Attention has also been given to corporate debt bias because interest deductibility has been identified as a significant tool used by multinationals for tax avoidance. Countries with high corporate income tax rates, which include many developing countries, are losing public revenue as a result of tax avoidance by multinationals. Also the “IMF Tax Spillover Paper in 2014” identified debt shifting as a significant element in corporate tax planning. The same line is being followed by the OECD in the action plan on base erosion and profit shifting (BEPS).

The problem of corporate debt bias is however not the same as the profit shifting being examined by the OECD. The OECD is looking mainly at the problem that multinationals can use related party debt to shift profits from one country to another, for example from a high tax to a low tax jurisdiction. This is a problem because of tax avoidance but related party debt does not make the overall group position more risky in terms of financial stability.

The problem of corporate debt bias, however, concerns the amount of third party debt taken on by a company or group. The more highly leveraged a company or group becomes in terms of third party debt the more risk there is of problems for the company during a downturn. The IMF’s Fiscal Affairs Department has been working on empirical studies concerning the impact of corporate debt bias on bank leverage. Also a book entitled “Taxation and Regulation of the Financial Sector” was published in December 2014, edited jointly by staff at the IMF and TAXUD. This looks at issues impacting finance and public finance, such as the issue that countries have capital requirements for banks to encourage equity finance but the tax system gives the banks an incentive to acquire more debt.

Many countries are looking at the issue of corporate debt bias in their own taxation systems. Belgium and Italy have already taken some legislative action to reduce the effects of debt bias by an allowance for corporate equity and other countries such as the US and Germany have introduced restrictions on interest deductibility. The G20 Finance Ministers are intending to discuss the issue of corporate debt bias in their meeting in September 2015.

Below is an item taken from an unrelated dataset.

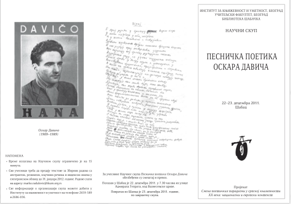 У организацији Институтa за књижевност и уметност, Београд, Учитељскoг факултетa Универзитета у Београду, и Библиотеке шабачке, 22–23. децембра 2011. у Шапцу је одржан научни скуп Песничка поетика Оскара Давича. Скуп је организован као део активности на пројекту Смена поетичких парадигми у српској књижевности ХХ века: национални и европски контекст.

Discussions at the conference concerned issues such as the possibility of an allowance for corporate equity to tackle debt bias, and how this could be framed so that there is no loss of tax revenue to the government. There is also the question of how taxes and regulatory provisions shape the structure of financial institutions when it comes to decisions such as the formation of a branch or subsidiary in a particular jurisdiction and in which jurisdictions to locate them. The influence of taxation and regulation on financial stability still requires study and is important for the design of tax policy.